August 31, 2015

In the News

Xi Jinping and the National Security Commission: Policy Coordination and Political Power

By David Lampton


Asia-Pacific Maritime Security Strategy
United States Department of Defense, August 2015

In accordance with the requirements of the US National Defense Authorization Act for 2015, the Defense Department has articulated a maritime strategy for the Asia-Pacific region (issues discussed in the document spill over into the Indian Ocean as well). It puts forth three key objectives of DoD activities in the area: safeguarding freedom of the seas, deterring conflict and coercion, and promoting adherence to the rule of law. The strategy describes the strategic context of the region as being marked by competing territorial claims, military modernization and a proliferation of naval vessels, and new types of maritime challenges (such as use of non-military assets for coercive purposes and land reclamation). The document reveals for the first time the US government’s new assessment of the scale of Chinese reclamation in the Spratly Islands: 2900 reclaimed acres as opposed to the previous estimate of 2000.

While the Defense Department clearly has China in mind with regard to many of these issues, the authors of the document have also made an effort to appear even-handed in discussing territorial claims and state practice regarding freedom of the seas (something some American commentators have criticized). The document discusses maritime claims other than China’s and finds fault with restrictions placed by both Vietnam and Malaysia on foreign military activities in their exclusive economic zones.

The document articulates a three-pronged strategy for dealing with these maritime challenges and meeting the three stated objectives. DoD is focused on enhancing military capacity, building ally and partner capacity, and reducing risk through military-military engagement and developing codes of conduct (such as CUES).

The strategy includes a substantial section dealing explicitly with China. It notes US objections to fishing restrictions, energy exploration in disputed waters, land reclamation, and the East China Sea ADIZ. At the same time, the strategy describes US/China military-military cooperation as having experienced some “positive momentum” since 2012. This includes work towards the Military Maritime Consultative Agreement, Rules of Behavior for Safety of Air and Maritime Encounters and the Notification of Major Military Activities initiative. Moreover, according to the document, China is expected to participate in RIMPAC 2016 at a “level similar to its 2014 participation.”
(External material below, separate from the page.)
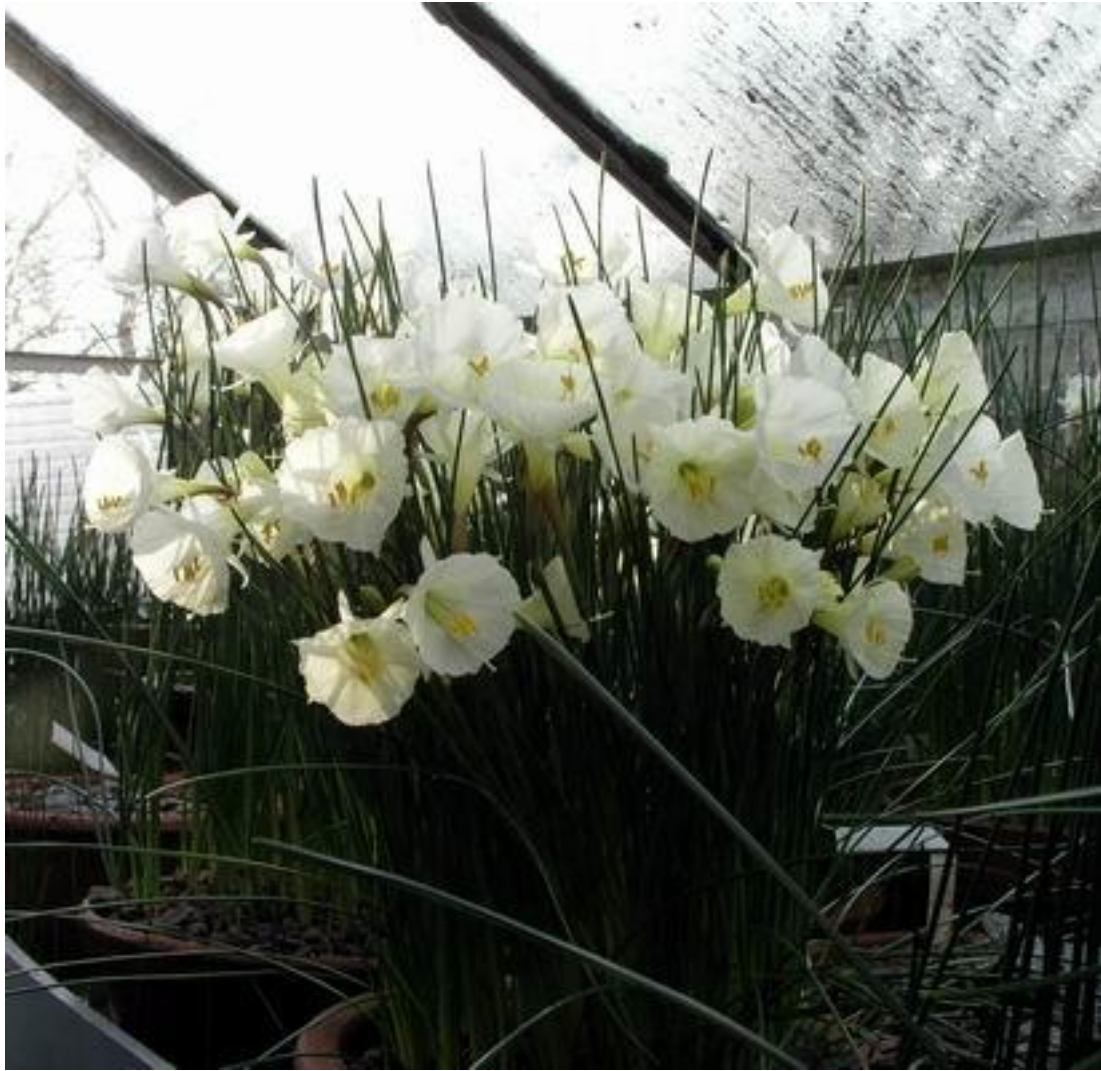
N. romieuxii mesatlanticus

Some of the pots of N. romieuxii mesatlanticus are just crammed full of flowers.

Responses to the Asia-Pacific Maritime Security Strategy in the American Press

Xi Jinping and the National Security Commission: Policy Coordination and Political Power
David Lampton
Journal of Contemporary China, 24:95

Lampton discusses the implications of China’s newly formed National Security Commission, both from the perspective of internal Chinese politics and engagement by foreign governments. He emphasizes the degree to which the Commission is a “work in progress,” and notes that while it has a mandate to cover both internal and external security issues, it has mostly concerned itself with maintaining internal stability and control. While the Commission appears to be meant to streamline and centralize security decision-making, for the time-being it has yielded a situation in which it is sometimes unclear to foreign observers or Chinese bureaucrats where the true lines of authority lie, and foreign diplomats may not know which deputy-level officials to engage with on a given issue.
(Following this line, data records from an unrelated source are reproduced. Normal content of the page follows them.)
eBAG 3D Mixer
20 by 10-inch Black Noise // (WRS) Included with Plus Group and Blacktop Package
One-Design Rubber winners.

Lampton concludes by sketching out a few implications regarding China’s relations with foreign nations. Because “outsiders may find challenges in locating a decisive foreign policy voice below Xi Jinping for a considerable period,” direct personal engagement with Xi is especially important. Moreover, Xi Jinping has a greater degree of “at least nominal” control over internal/external security and military and foreign policy than his predecessors. On the other hand, because Xi has such expanded involvement with key policy groups, it raises questions about how effectively he can manage them all, especially in the apparent absence of a deputy figure in the mold of Zhou Enlai. Ultimately Lampton believes that “domestic stability maintenance” is the key concern of Xi Jinping, and while China is “strategically ambitious” it will also seek to lower regional tensions and find constructive ways to work with the US—although these objectives are undermined the regime’s attentiveness to nationalistic passions about sovereignty issues.
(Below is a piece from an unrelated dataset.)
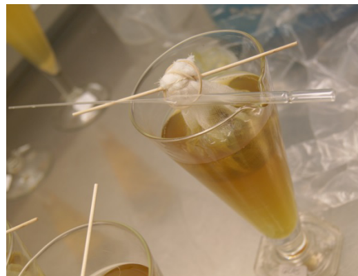
Figure 1. Photograph showing a conical Baermann glass with faeces wrapped in cheesecloth, submerged in 300 ml of tap water. On the top of the glass there is a 225 mm long Pasteur pipette used to obtain Strongyloides stercoralis larvae from the bottom of the glass.

All faecal samples collected in quarantine stations have been examined by using the formalin-ethyl acetate sedimentation technique (FEAST), a method used to concentrate protozoan cysts, coccidian oocysts, helminth eggs and larvae (including S. stercoralis ) (Allen & Ridley 1970, Young et al. 1979). For this purpose the Faecal Parasite Concentrator (FPC®) kit from Evergreen Scientific has been used. Since March 2012, all samples collected from dogs in quarantine stations have also been examined using a modified Baermann technique, a method based on the description of Henriksen (1965). Preferably 25-30 g fresh faeces is wrapped in a double (in the case of soft stool into a triple) layer of cheesecloth (absorbent gauze in rolls, Mullro®) and submerged into a 375 ml conical “Baermann” glass filled with approximately 300 ml of tap water (Figure 1). The sample is kept completely immersed in the water for 7-24 hours (usually overnight) at room temperature. Upon examination all sediment from the bottom of the glass is pipetted, put on one or more microscope slides, mixed there with a drop of iodine, and screened at 62.5x magnification in a light microscope for S. stercoralis first stage larvae (L1).

Fools Rush Out? The Flawed Logic of Offshore Balancing
Hal Brands
The Washington Quarterly, Summer 2015

Brands takes aim at the strategy of “offshore balancing,” something that he regards to be the “grand strategy of choice” for prominent American realists like Stephen Walt, Christopher Layne and Barry Posen. These analysts advocate that the US withdraw some of its extensive security commitments and forward deployments around the world while still maintaining the ability to step in and respond to major threats to regional balances of power. Brands argues that such a strategic reorientation would be bad for American interests and destabilizing for the rest of the world. For one, he contends that offshore balancing wouldn’t be as easy or cheap as its proponents claim, especially as it requires maintaining the ability to eventually intervene from afar if needed. Moreover, withdrawing security commitments to other nations would mean that the US would forgo opportunities to influence its allies and prevent them from competing with one another. Finally, “the greatest risk that a strategy of offshore balancing would run…is that a key region might not be able to maintain its own balance following US retrenchment.” Brands highlights East Asia as the most likely region for this scenario to develop, one in which a potentially “hostile” China could dominate the region without meeting any effective resistance from its neighbors. While he doesn’t specify what would constitute “hostility” in this context, he asserts that such an outcome would be undesirable for proponents of the status quo and proponents of offshore balancing alike.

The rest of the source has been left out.